▶ _Exercise aim_:
Starting at the top line, print the entries below exactly as they are and skip every picture.
=== Material for the task ===
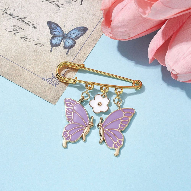 Deze elegante kiltspeld broche met vlinder- en bloemmotief is een prachtige accessoire om uw outfit een stijlvol accent te geven. De emaille afwerking in de kleur medium orchid zorgt voor een verfijnde uitstraling, terwijl de goudkleurige basis het ontwerp een warme glans geeft. Perfect om te dragen aan een jas, sjaal, vest of tas, of om te verwerken in een persoonlijk herinneringssieraad of een liefdevol handgemaakt cadeau.
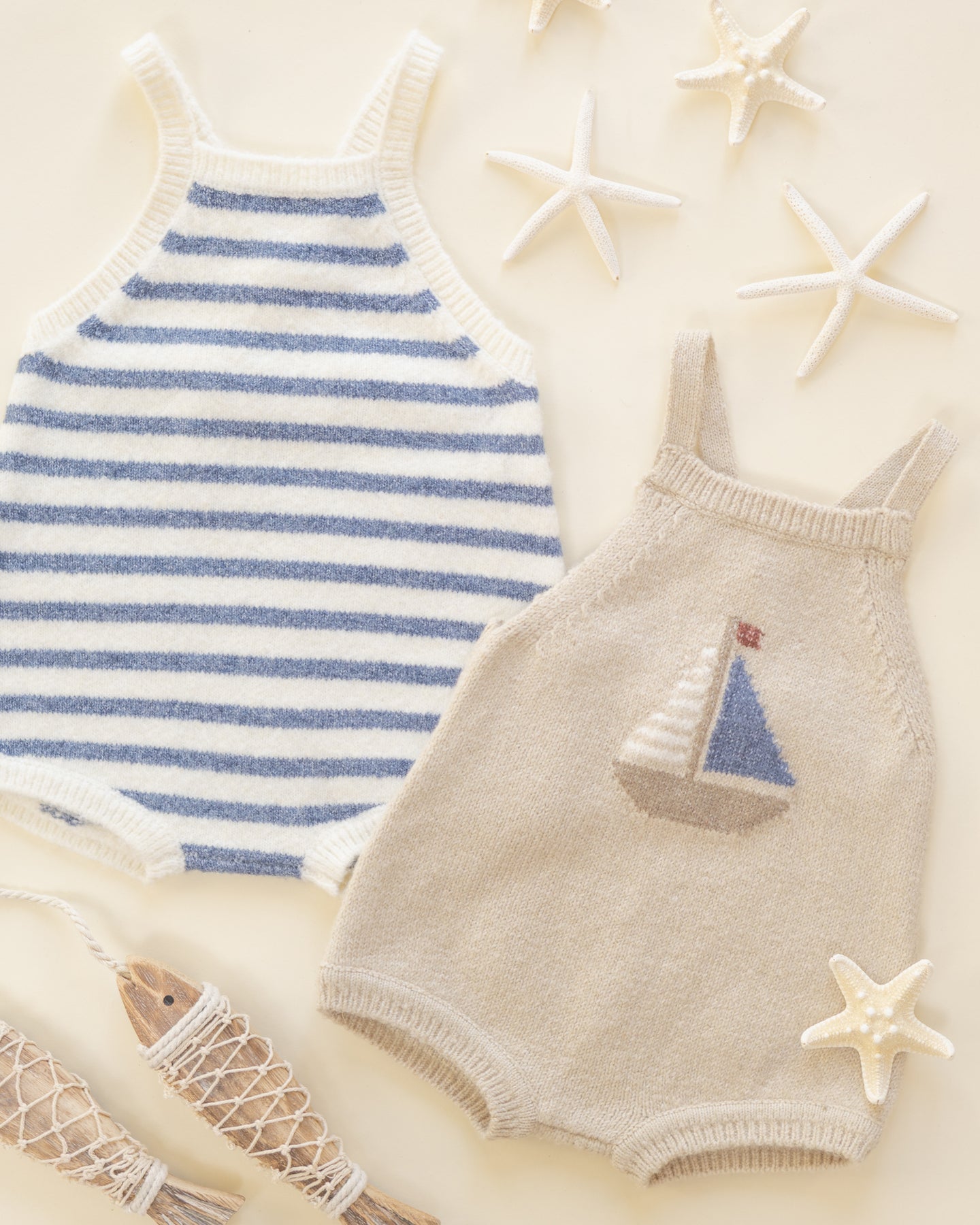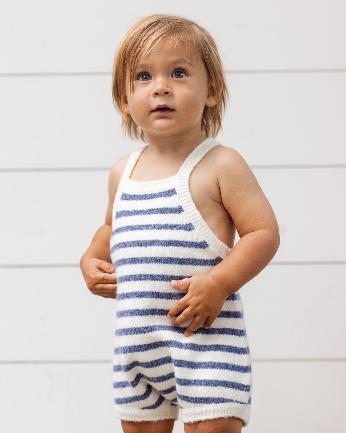 Perfect for warmer weather, our Fisher Romper is a simple and easy look for your little ones. Designed with ribbed criss cross straps and coconut buttons.
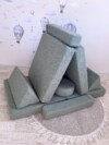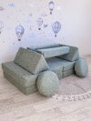 Диван состоит из 2 базовых матов, 2 треугольных, 2 круглых и 2 прямоугольных подушек, что позволяет создавать разнообразные конфигурации для игр и отдыха.
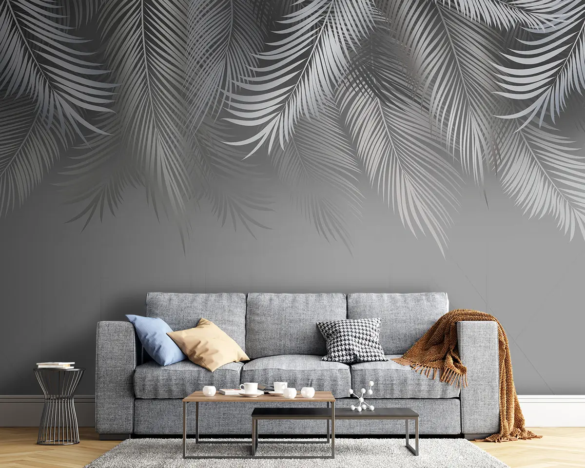 Wall murals Tropical leaves and translucent geometric background Nr. u94962
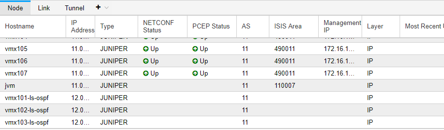 Figure 7: PCEP Status Column Showing Physical and Logical NodesNetwork management interface displaying a Juniper node list with columns: Hostname, IP Address, Type, NETCONF Status, PCEP Status, AS, ISIS Area, Management IP, Layer, Most Recent. All protocols operational.
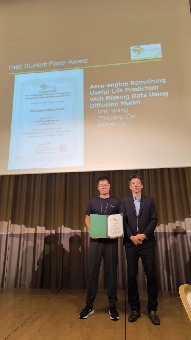在此次会议上,机电学院蔡志强教授课题组荣获了APARM 2024最佳学生论文奖。获奖论文题为《Aero-engine Remaining Useful Life Prediction with Missing Data Using Diffusion Model》。该论文聚焦于航空发动机状态监测数据缺失对深度学习模型预测精度的影响,提出了一种名为DiffFMD的创新数据填充方法。通过有效填补数据缺失,这一方法显著提升了剩余使用寿命预测的准确性,展现了该课题组在复杂系统可靠性研究方面的重要进展。
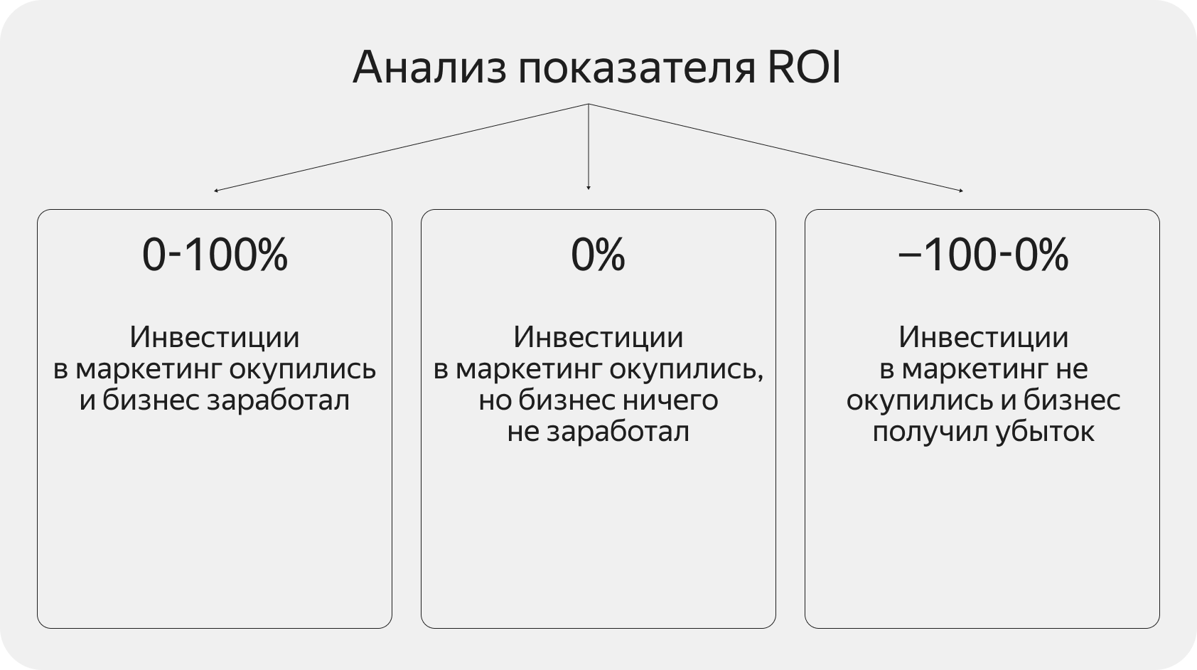 Результат расчёта коэффициента ROI может быть в трёх вариантах:
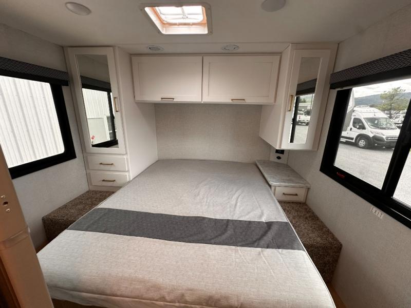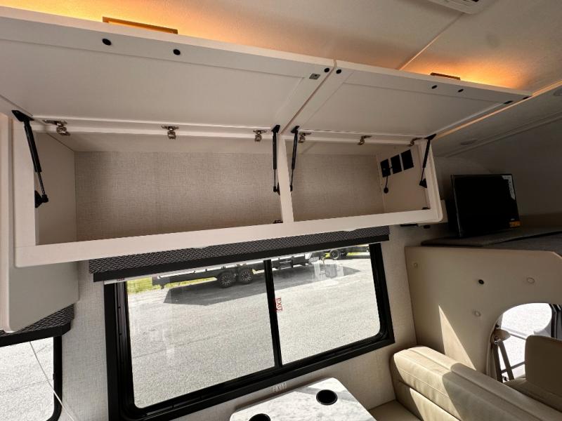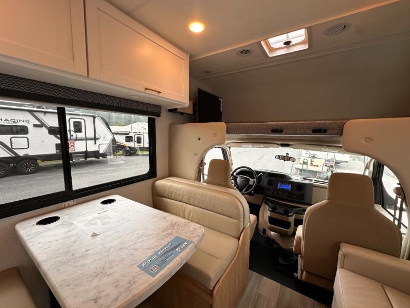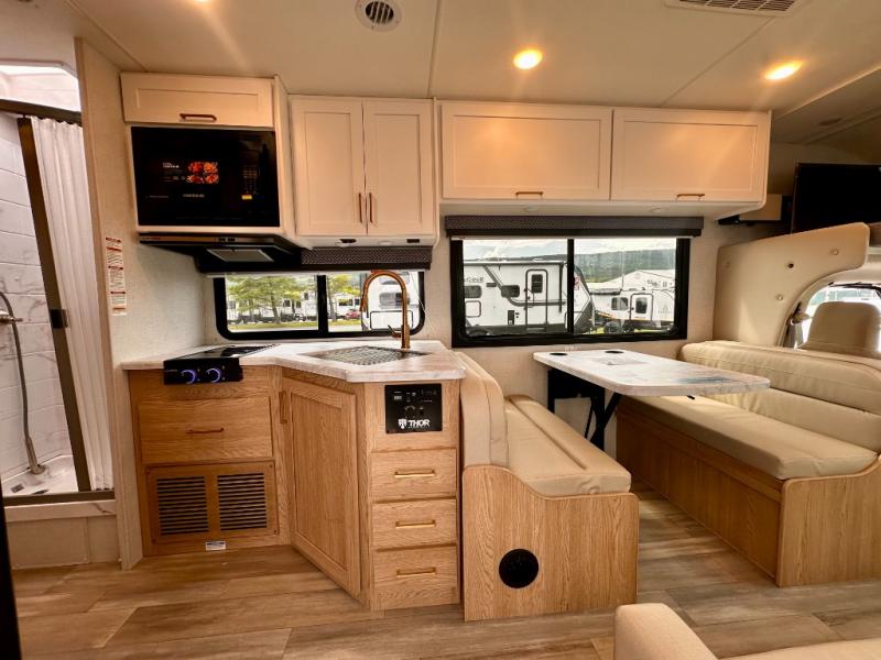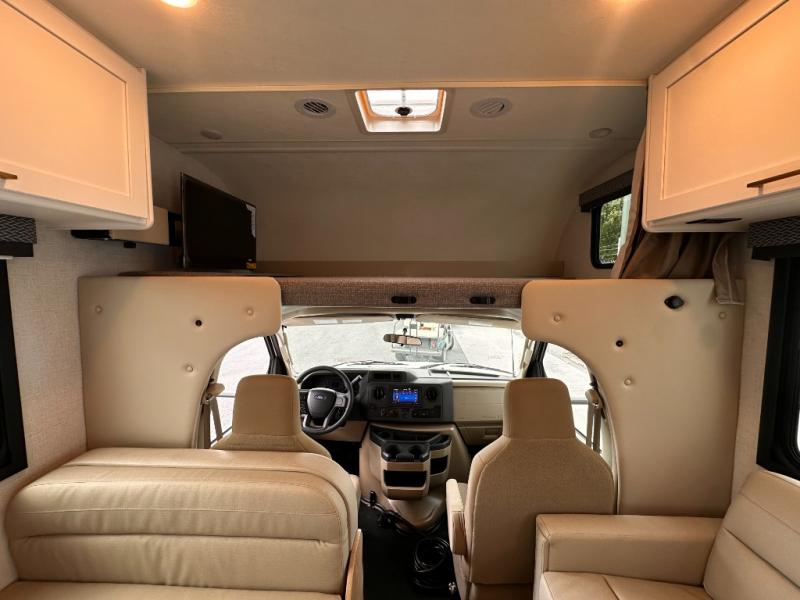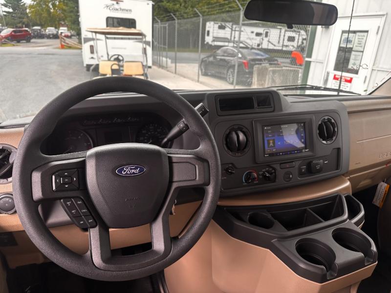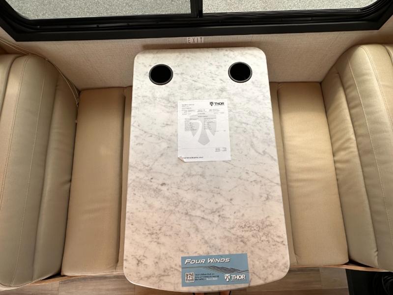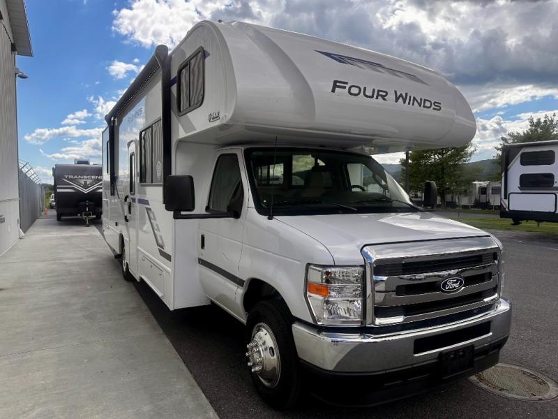 With any Four Winds ESpec Class C gas motorhome by Thor Motor Coach, you will find convenient amenities, a modern interior, and a reliable Ford E-Series chassis, with an optional Chevy chassis on select models to power your adventures. There is welded tubular aluminum roof and sidewall cage construction, a one-piece fiberglass front cap, and a one-piece domed roof membrane for added strength. Residential vinyl flooring will be easy to keep clean, and you'll love the sleek look of the Hampton Collection, two-toned cabinets. These motorhomes also include a 50 state 4.0 kW dual gas/LP generator and a 30-amp shoreline power cord to keep you going, along with a tankless water heater and 13,500 roof front A/C to ensure your comfort!
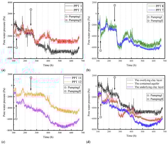 Figure 10 illustrates the variation in pore pressure with time in different soil layers caused by the first and second pumping, as well as the comparison of pore pressure in different soil layers. Figure 10a–c represents the pore pressure data collected by piezometers at different distances from the pumping well in the same soil layer. There were differences in the measured pore pressure between the overlying and underlying clay layers at different distances from the pumping well, while the pore pressure values measured by the piezometers at different distances from the pumping well in the middle sand layer were very close. In the overlying clay layer, the pore pressure difference at different positions is relatively small before Pumping II. However, as Pumping II was completed, the difference in pore pressure between the two positions also increased. For the middle sand layer, the influence of pumping on the pore pressure difference at different positions is not significant. As for the underlying soft clay layer, the pore pressure difference between the two positions started to occur after Pumping I. The most probable cause of this phenomenon is that with the implementation of pumping, the soft clay layer undergoes a significant degree of consolidation, while the sand layer undergoes a lesser degree of consolidation. The greater the consolidation, the more pronounced the change in permeability coefficient, resulting in a significant difference in pore pressure distribution within the same soil layer. Although the overlying and underlying soft clay layers have similar soil properties, their different positions result in different consolidation pressures, leading to a significant difference in compaction degree between the two soil layers right from the beginning. The pore pressure difference within the overlying soft clay layer begins to appear only after experiencing two pumping events, while the underlying soft clay layer shows a pore pressure difference after Pumping I. As shown in Figure 10d, the change in soil compaction caused by precipitation, which then affects the permeability coefficient and finally results in uneven pore pressure distribution, was also reflected. In the overlying clay layer, whether it was the first or second pumping, the pore pressure changed rapidly. However, for the underlying clay layer, the pore pressure change is faster after Pumping I than that after Pumping II.
===
▶ _Exercise solution_:
 Deze elegante kiltspeld broche met vlinder- en bloemmotief is een prachtige accessoire om uw outfit een stijlvol accent te geven. De emaille afwerking in de kleur medium orchid zorgt voor een verfijnde uitstraling, terwijl de goudkleurige basis het ontwerp een warme glans geeft. Perfect om te dragen aan een jas, sjaal, vest of tas, of om te verwerken in een persoonlijk herinneringssieraad of een liefdevol handgemaakt cadeau.
 Perfect for warmer weather, our Fisher Romper is a simple and easy look for your little ones. Designed with ribbed criss cross straps and coconut buttons.
 Диван состоит из 2 базовых матов, 2 треугольных, 2 круглых и 2 прямоугольных подушек, что позволяет создавать разнообразные конфигурации для игр и отдыха.
 Wall murals Tropical leaves and translucent geometric background Nr. u94962
 Figure 7: PCEP Status Column Showing Physical and Logical NodesNetwork management interface displaying a Juniper node list with columns: Hostname, IP Address, Type, NETCONF Status, PCEP Status, AS, ISIS Area, Management IP, Layer, Most Recent. All protocols operational.
在此次会议上,机电学院蔡志强教授课题组荣获了APARM 2024最佳学生论文奖。获奖论文题为《Aero-engine Remaining Useful Life Prediction with Missing Data Using Diffusion Model》。该论文聚焦于航空发动机状态监测数据缺失对深度学习模型预测精度的影响,提出了一种名为DiffFMD的创新数据填充方法。通过有效填补数据缺失,这一方法显著提升了剩余使用寿命预测的准确性,展现了该课题组在复杂系统可靠性研究方面的重要进展。
 Результат расчёта коэффициента ROI может быть в трёх вариантах:
 With any Four Winds ESpec Class C gas motorhome by Thor Motor Coach, you will find convenient amenities, a modern interior, and a reliable Ford E-Series chassis, with an optional Chevy chassis on select models to power your adventures. There is welded tubular aluminum roof and sidewall cage construction, a one-piece fiberglass front cap, and a one-piece domed roof membrane for added strength. Residential vinyl flooring will be easy to keep clean, and you'll love the sleek look of the Hampton Collection, two-toned cabinets. These motorhomes also include a 50 state 4.0 kW dual gas/LP generator and a 30-amp shoreline power cord to keep you going, along with a tankless water heater and 13,500 roof front A/C to ensure your comfort!
 Figure 10 illustrates the variation in pore pressure with time in different soil layers caused by the first and second pumping, as well as the comparison of pore pressure in different soil layers. Figure 10a–c represents the pore pressure data collected by piezometers at different distances from the pumping well in the same soil layer. There were differences in the measured pore pressure between the overlying and underlying clay layers at different distances from the pumping well, while the pore pressure values measured by the piezometers at different distances from the pumping well in the middle sand layer were very close. In the overlying clay layer, the pore pressure difference at different positions is relatively small before Pumping II. However, as Pumping II was completed, the difference in pore pressure between the two positions also increased. For the middle sand layer, the influence of pumping on the pore pressure difference at different positions is not significant. As for the underlying soft clay layer, the pore pressure difference between the two positions started to occur after Pumping I. The most probable cause of this phenomenon is that with the implementation of pumping, the soft clay layer undergoes a significant degree of consolidation, while the sand layer undergoes a lesser degree of consolidation. The greater the consolidation, the more pronounced the change in permeability coefficient, resulting in a significant difference in pore pressure distribution within the same soil layer. Although the overlying and underlying soft clay layers have similar soil properties, their different positions result in different consolidation pressures, leading to a significant difference in compaction degree between the two soil layers right from the beginning. The pore pressure difference within the overlying soft clay layer begins to appear only after experiencing two pumping events, while the underlying soft clay layer shows a pore pressure difference after Pumping I. As shown in Figure 10d, the change in soil compaction caused by precipitation, which then affects the permeability coefficient and finally results in uneven pore pressure distribution, was also reflected. In the overlying clay layer, whether it was the first or second pumping, the pore pressure changed rapidly. However, for the underlying clay layer, the pore pressure change is faster after Pumping I than that after Pumping II.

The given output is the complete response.